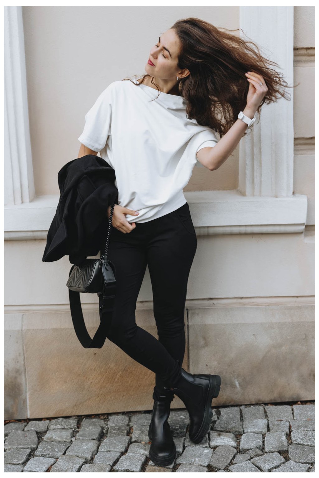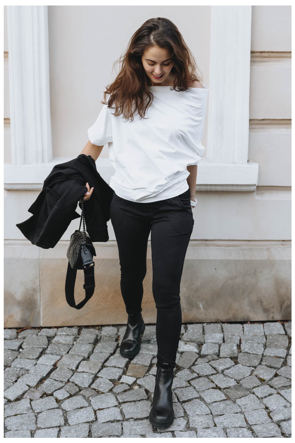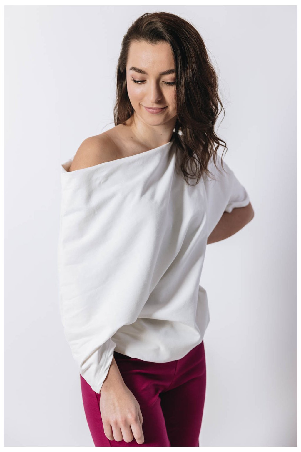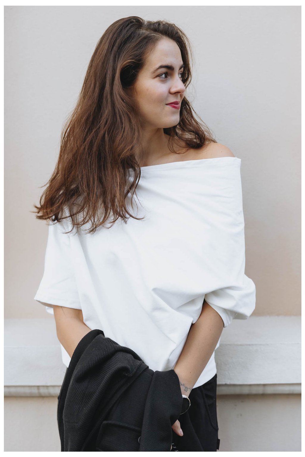 Když si na sebe hodíte asymetrickou mikinu Yagu, váš den téměř okamžitě vybočí ze zaběhlých kolejí. Peťa jí střihla ještě víc našikmo, než jste u Buga mikin zvyklé. Rukáv tak sofistikovaně odhalí rameno a zároveň působí nenuceně. Delší rukáv si můžete vyhrnout, nebo si jím nechat zakrýt celou ruku.
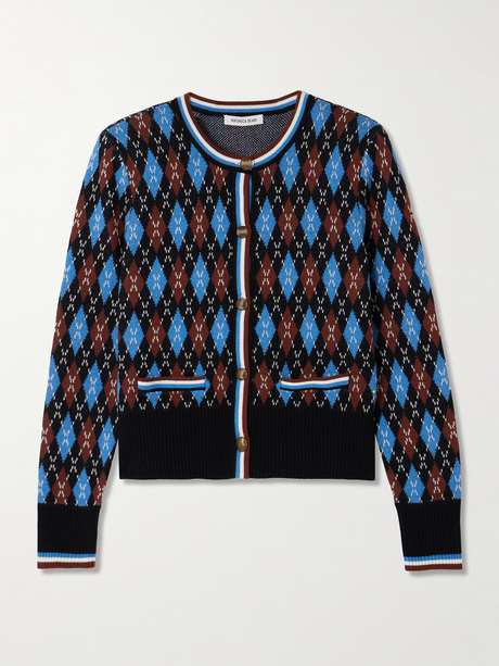 VERONICA BEARD Sylvane striped argyle wool and cotton-blend cardigan
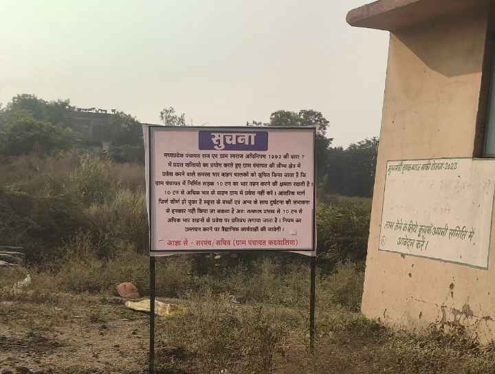 मध्यप्रदेश के बड़वाह क्षेत्र के ग्राम खोड़ी में ग्राम पंचायत कदवालिया ने शराब कंपनी के भारी वाहनों के कारण हो रहे सड़क क्षरण और आमजन की परेशानी को लेकर बड़ा कदम उठाया है। पंचायत द्वारा सार्वजनिक सूचना पट्ट पर यह स्पष्ट किया गया है कि मप्र पंचायत राज एवं ग्राम स्वराज अधिनियम 1993 की धारा 7 के अंतर्गत 10 टन से अधिक वजनी वाहनों के प्रवेश पर पूर्णतः प्रतिबंध लगाया गया है
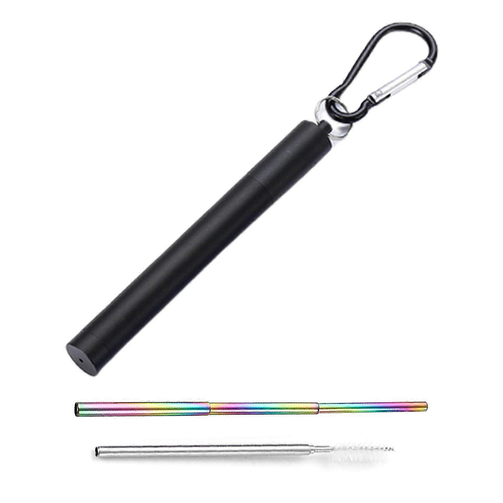 1 Set Telescopic Portable Drinking Straw Stainless Steel Collapsible Colorful Drinking Straw for Kitchen
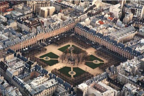 Il imagine également la magnifique Place royale achevée en 1605, devenue depuis la Révolution, la Place des Vosges (ci-contre).
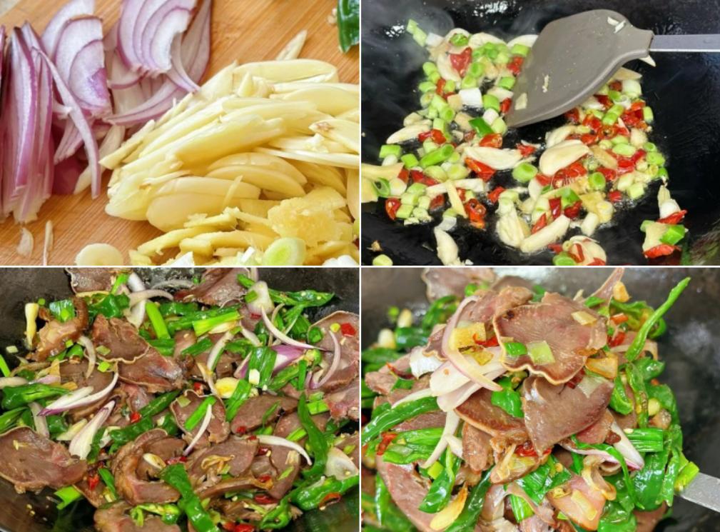 6. 小火爆香大蒜生薑蒜苗段幹辣椒碎,切好的豬舌頭肉和青紅辣椒洋蔥絲兒放進去一起快速翻炒兩三分鐘,加入適量鹽,雞粉,一勺薄鹽生抽,糖,出鍋前撒蒜苗段就可以啦!
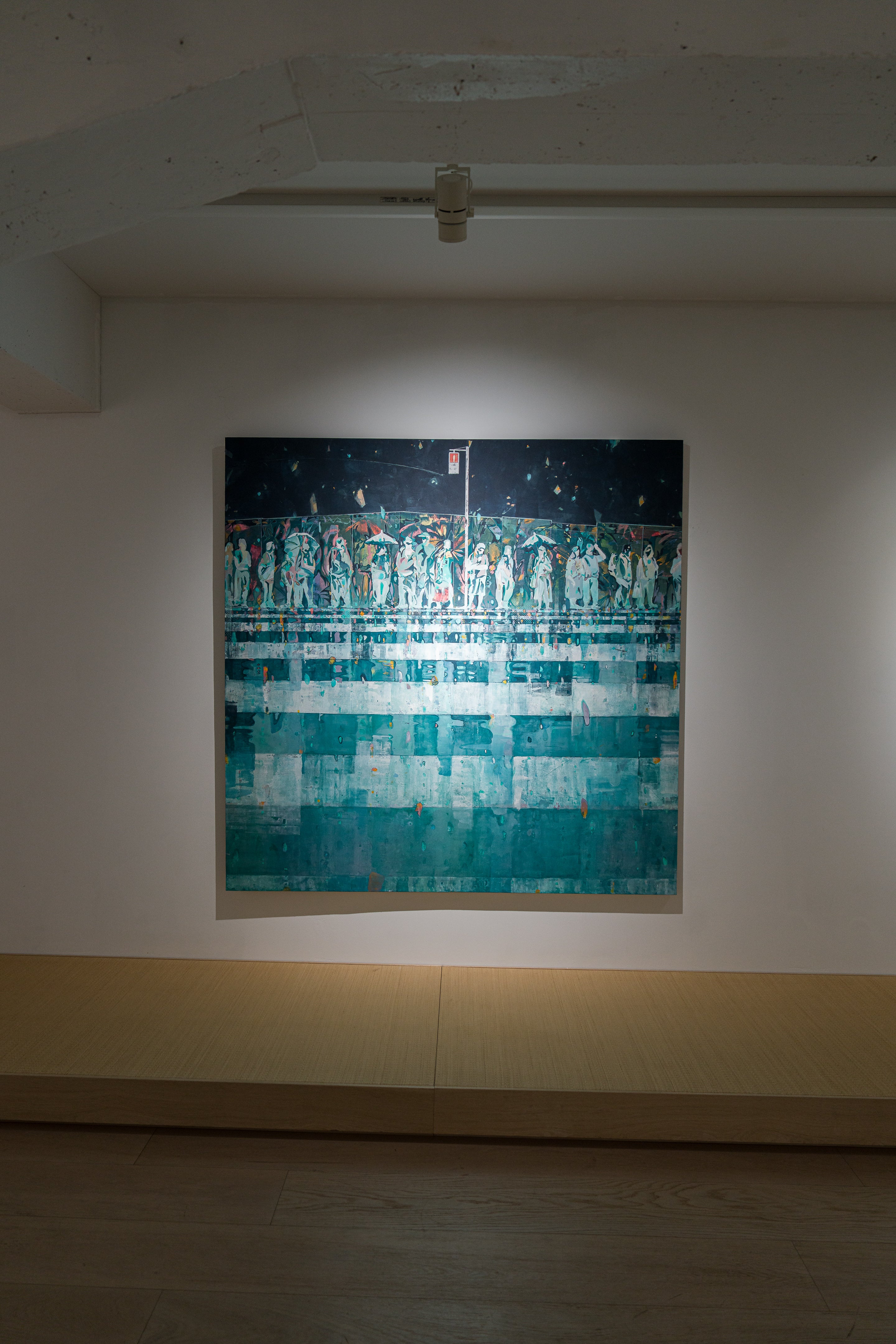 Mineral pigments, Ink, Silver leaf on Japanese paper mounted on wooden board
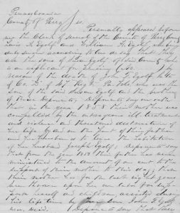 Excerpt from an 1869 affidavit filed by George and Agnes Souder, supporting the U.S. Civil War Mother’s Pension application of Susan Egolf, the mother of 47th Pennsylvania Volunteer John F. Egolf (documentation of spousal abuse, affidavit, p. 1, U.S. Civil War Pension Files, Susan and John Egolf, U.S. National Archives and Records Administration, public domain; click to enlarge).
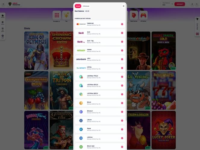 "कैशियर" अनुभाग उनके जुआ क्षेत्राधिकार में उपलब्ध विभिन्न भुगतान विकल्प प्रदान करता है, जिसमें क्रिप्टो बैंकिंग विधियां , प्रीपेड, क्रेडिट और डेबिट कार्ड, ई-वॉलेट, तत्काल बैंक स्थानान्तरण शामिल हैं...
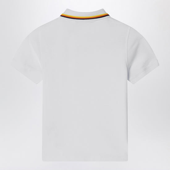 K-Way polo in white piqué cotton, characterized by buttons on the front, logo patch on the chest, short sleeves, and a collar with contrasting striped edges.

—————

WHAT THE TASK REQUIRES: Output only the lines above from the one containing "1 Set Telescopic" to the one containing "Excerpt from an", both included, exactly as written and with no pictures.

RESULT OF THE EXERCISE:
 1 Set Telescopic Portable Drinking Straw Stainless Steel Collapsible Colorful Drinking Straw for Kitchen
 Il imagine également la magnifique Place royale achevée en 1605, devenue depuis la Révolution, la Place des Vosges (ci-contre).
 6. 小火爆香大蒜生薑蒜苗段幹辣椒碎,切好的豬舌頭肉和青紅辣椒洋蔥絲兒放進去一起快速翻炒兩三分鐘,加入適量鹽,雞粉,一勺薄鹽生抽,糖,出鍋前撒蒜苗段就可以啦!
 Mineral pigments, Ink, Silver leaf on Japanese paper mounted on wooden board
 Excerpt from an 1869 affidavit filed by George and Agnes Souder, supporting the U.S. Civil War Mother’s Pension application of Susan Egolf, the mother of 47th Pennsylvania Volunteer John F. Egolf (documentation of spousal abuse, affidavit, p. 1, U.S. Civil War Pension Files, Susan and John Egolf, U.S. National Archives and Records Administration, public domain; click to enlarge).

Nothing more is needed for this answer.